START Study material

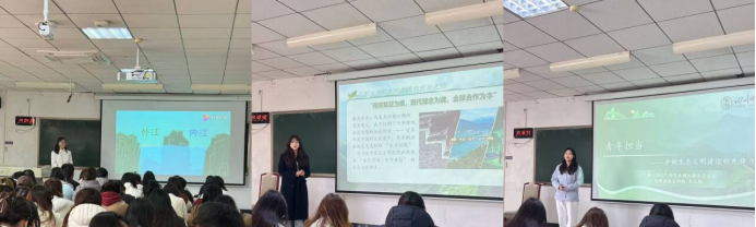 为深入学习贯彻习近平生态文明思想,强化研究生思想政治教育,厚植青年学子生态环保理念,引导其勇担生态建设时代使命,3月18日下午,特邀学校“狮山润心”研究生理论普及宣讲团创新理论宣讲组,开展以“从都江堰到美丽中国——习近平生态文明思想的古今智慧与实践”为主题的专题思政宣讲活动。学院百余名研究生现场聆听宣讲,接受思想洗礼与精神熏陶。
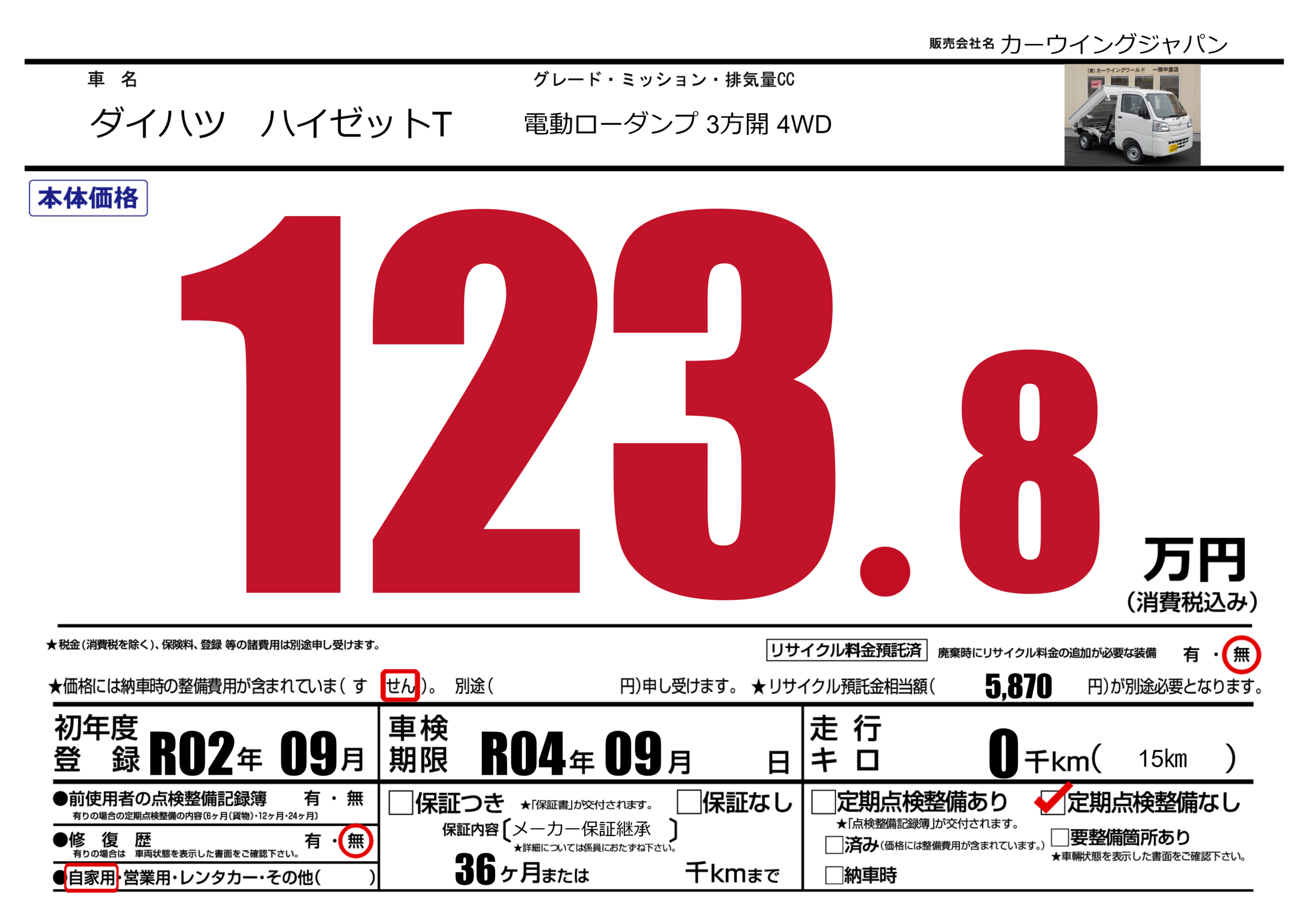 なし | 車検制限 | R04年09月---月 |
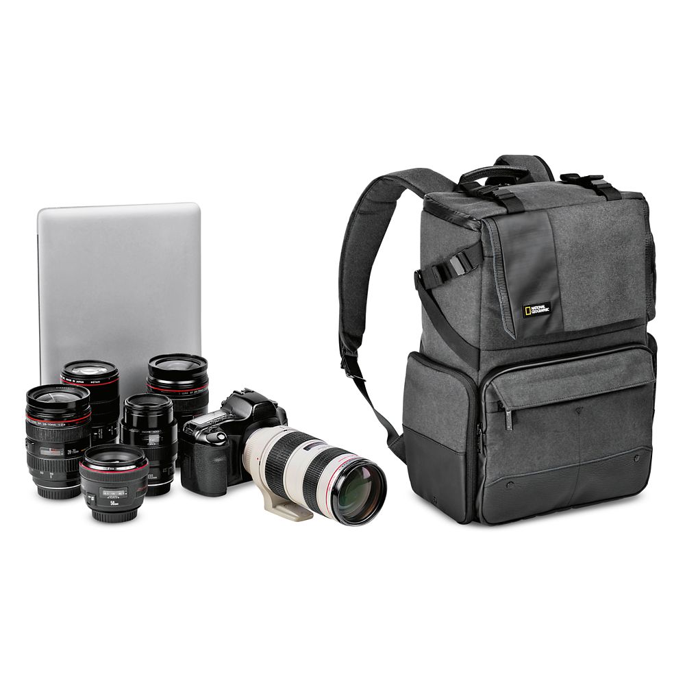 The versatile National Geographic Walkabout Camera and Laptop Backpack can accommodate a DSLR with 70-200 f/2.8 attached and up to five lenses, plus a 15” laptop. Featuring the Manfrotto Protection System, this stylish bag is designed to absorb shock and protect your gear.
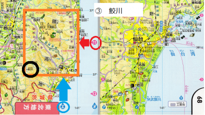 1鯖江(さばえ)「43 オ 4」 2鰺ヶ沢(あじがさわ)「66 ウ 4」 3鮫川(さめがわ)「68 エ 11」
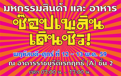ขอเชิญทุกท่านร่วมช๊อปกับงานมหกรรมสินค้าและอาหาร "ช๊อปเพลินเดินชิว"

END Study material

**Exercise instructions**.
If you see a picture in the listing, skip it while copying everything else exactly.

**Result of this exercise**.
 为深入学习贯彻习近平生态文明思想,强化研究生思想政治教育,厚植青年学子生态环保理念,引导其勇担生态建设时代使命,3月18日下午,特邀学校“狮山润心”研究生理论普及宣讲团创新理论宣讲组,开展以“从都江堰到美丽中国——习近平生态文明思想的古今智慧与实践”为主题的专题思政宣讲活动。学院百余名研究生现场聆听宣讲,接受思想洗礼与精神熏陶。
 なし | 車検制限 | R04年09月---月 |
 The versatile National Geographic Walkabout Camera and Laptop Backpack can accommodate a DSLR with 70-200 f/2.8 attached and up to five lenses, plus a 15” laptop. Featuring the Manfrotto Protection System, this stylish bag is designed to absorb shock and protect your gear.
 1鯖江(さばえ)「43 オ 4」 2鰺ヶ沢(あじがさわ)「66 ウ 4」 3鮫川(さめがわ)「68 エ 11」
ขอเชิญทุกท่านร่วมช๊อปกับงานมหกรรมสินค้าและอาหาร "ช๊อปเพลินเดินชิว"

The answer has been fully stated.